#### Exercise description
Stop after the line that contains "这部动画短片上映短短一周的时间播放量就突破了5000万。". Until then, retype each line of the entries exactly from the first one, skipping pictures.

---------- Supplied material ----------

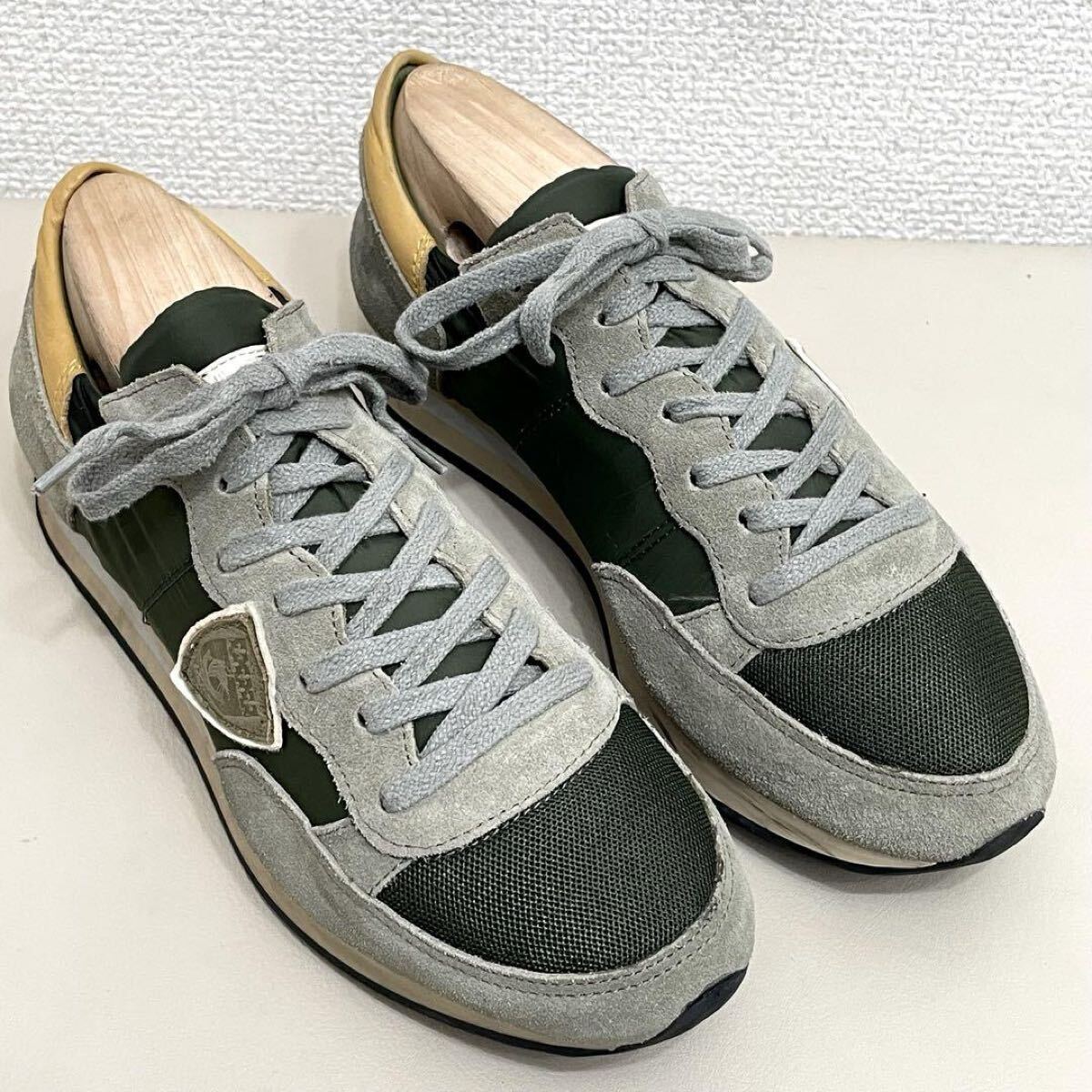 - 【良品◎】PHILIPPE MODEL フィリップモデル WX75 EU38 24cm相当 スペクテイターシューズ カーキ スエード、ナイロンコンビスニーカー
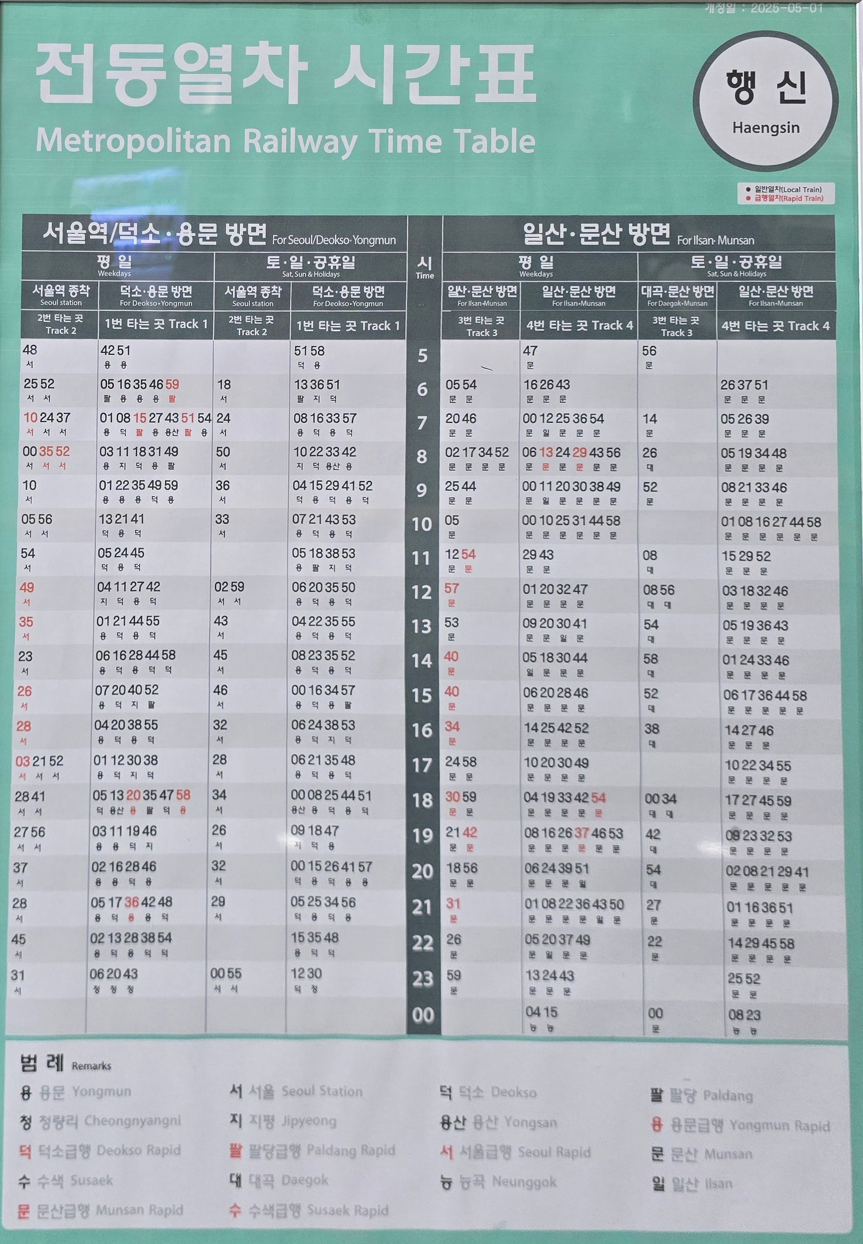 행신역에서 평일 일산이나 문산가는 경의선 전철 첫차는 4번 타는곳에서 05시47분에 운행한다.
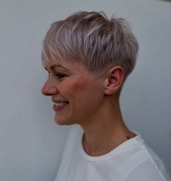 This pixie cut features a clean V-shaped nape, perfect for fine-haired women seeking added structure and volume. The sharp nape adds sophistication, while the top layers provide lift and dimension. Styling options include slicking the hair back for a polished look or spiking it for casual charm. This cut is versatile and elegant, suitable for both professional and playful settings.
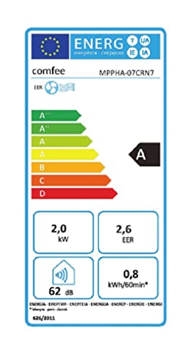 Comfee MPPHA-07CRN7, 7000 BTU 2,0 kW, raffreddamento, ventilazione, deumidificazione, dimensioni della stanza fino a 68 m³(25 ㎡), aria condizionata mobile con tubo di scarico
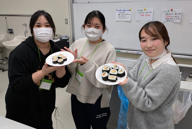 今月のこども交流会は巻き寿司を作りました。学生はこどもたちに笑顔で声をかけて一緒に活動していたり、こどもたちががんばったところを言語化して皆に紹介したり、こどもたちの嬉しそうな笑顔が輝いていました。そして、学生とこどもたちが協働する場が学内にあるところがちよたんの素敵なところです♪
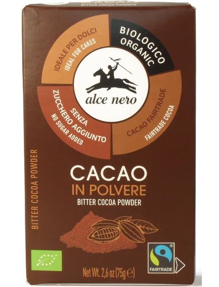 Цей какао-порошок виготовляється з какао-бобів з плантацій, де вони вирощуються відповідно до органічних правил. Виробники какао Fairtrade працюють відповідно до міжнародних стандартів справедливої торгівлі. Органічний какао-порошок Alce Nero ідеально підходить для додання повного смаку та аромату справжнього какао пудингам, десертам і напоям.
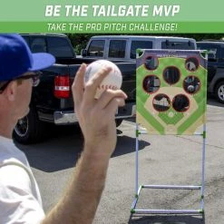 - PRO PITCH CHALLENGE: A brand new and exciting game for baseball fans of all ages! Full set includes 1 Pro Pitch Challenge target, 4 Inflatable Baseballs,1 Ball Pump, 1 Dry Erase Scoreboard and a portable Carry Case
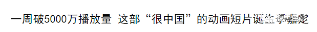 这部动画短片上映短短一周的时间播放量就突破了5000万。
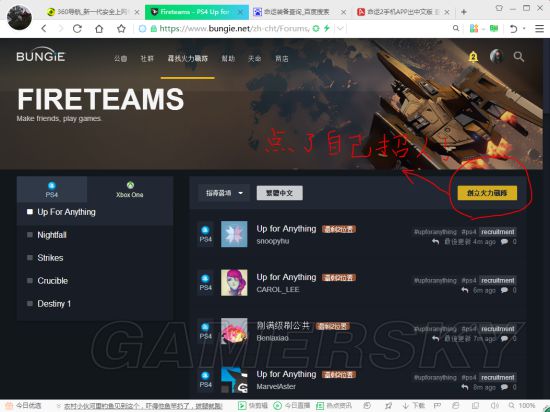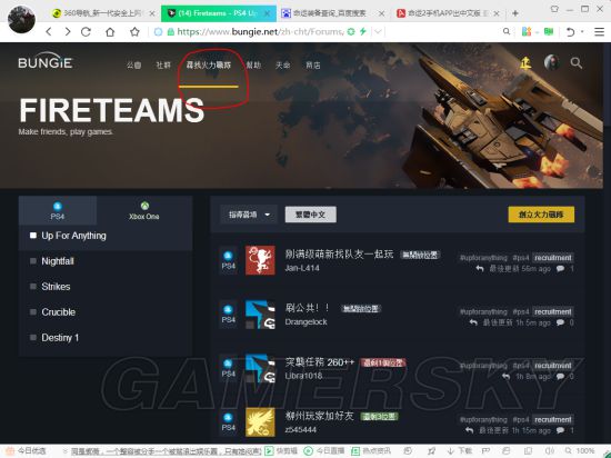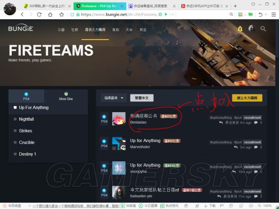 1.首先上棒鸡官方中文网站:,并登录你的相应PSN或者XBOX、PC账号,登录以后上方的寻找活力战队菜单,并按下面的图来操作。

----------

#### Your solution
 - 【良品◎】PHILIPPE MODEL フィリップモデル WX75 EU38 24cm相当 スペクテイターシューズ カーキ スエード、ナイロンコンビスニーカー
 행신역에서 평일 일산이나 문산가는 경의선 전철 첫차는 4번 타는곳에서 05시47분에 운행한다.
 This pixie cut features a clean V-shaped nape, perfect for fine-haired women seeking added structure and volume. The sharp nape adds sophistication, while the top layers provide lift and dimension. Styling options include slicking the hair back for a polished look or spiking it for casual charm. This cut is versatile and elegant, suitable for both professional and playful settings.
 Comfee MPPHA-07CRN7, 7000 BTU 2,0 kW, raffreddamento, ventilazione, deumidificazione, dimensioni della stanza fino a 68 m³(25 ㎡), aria condizionata mobile con tubo di scarico
 今月のこども交流会は巻き寿司を作りました。学生はこどもたちに笑顔で声をかけて一緒に活動していたり、こどもたちががんばったところを言語化して皆に紹介したり、こどもたちの嬉しそうな笑顔が輝いていました。そして、学生とこどもたちが協働する場が学内にあるところがちよたんの素敵なところです♪
 Цей какао-порошок виготовляється з какао-бобів з плантацій, де вони вирощуються відповідно до органічних правил. Виробники какао Fairtrade працюють відповідно до міжнародних стандартів справедливої торгівлі. Органічний какао-порошок Alce Nero ідеально підходить для додання повного смаку та аромату справжнього какао пудингам, десертам і напоям.
 - PRO PITCH CHALLENGE: A brand new and exciting game for baseball fans of all ages! Full set includes 1 Pro Pitch Challenge target, 4 Inflatable Baseballs,1 Ball Pump, 1 Dry Erase Scoreboard and a portable Carry Case
 这部动画短片上映短短一周的时间播放量就突破了5000万。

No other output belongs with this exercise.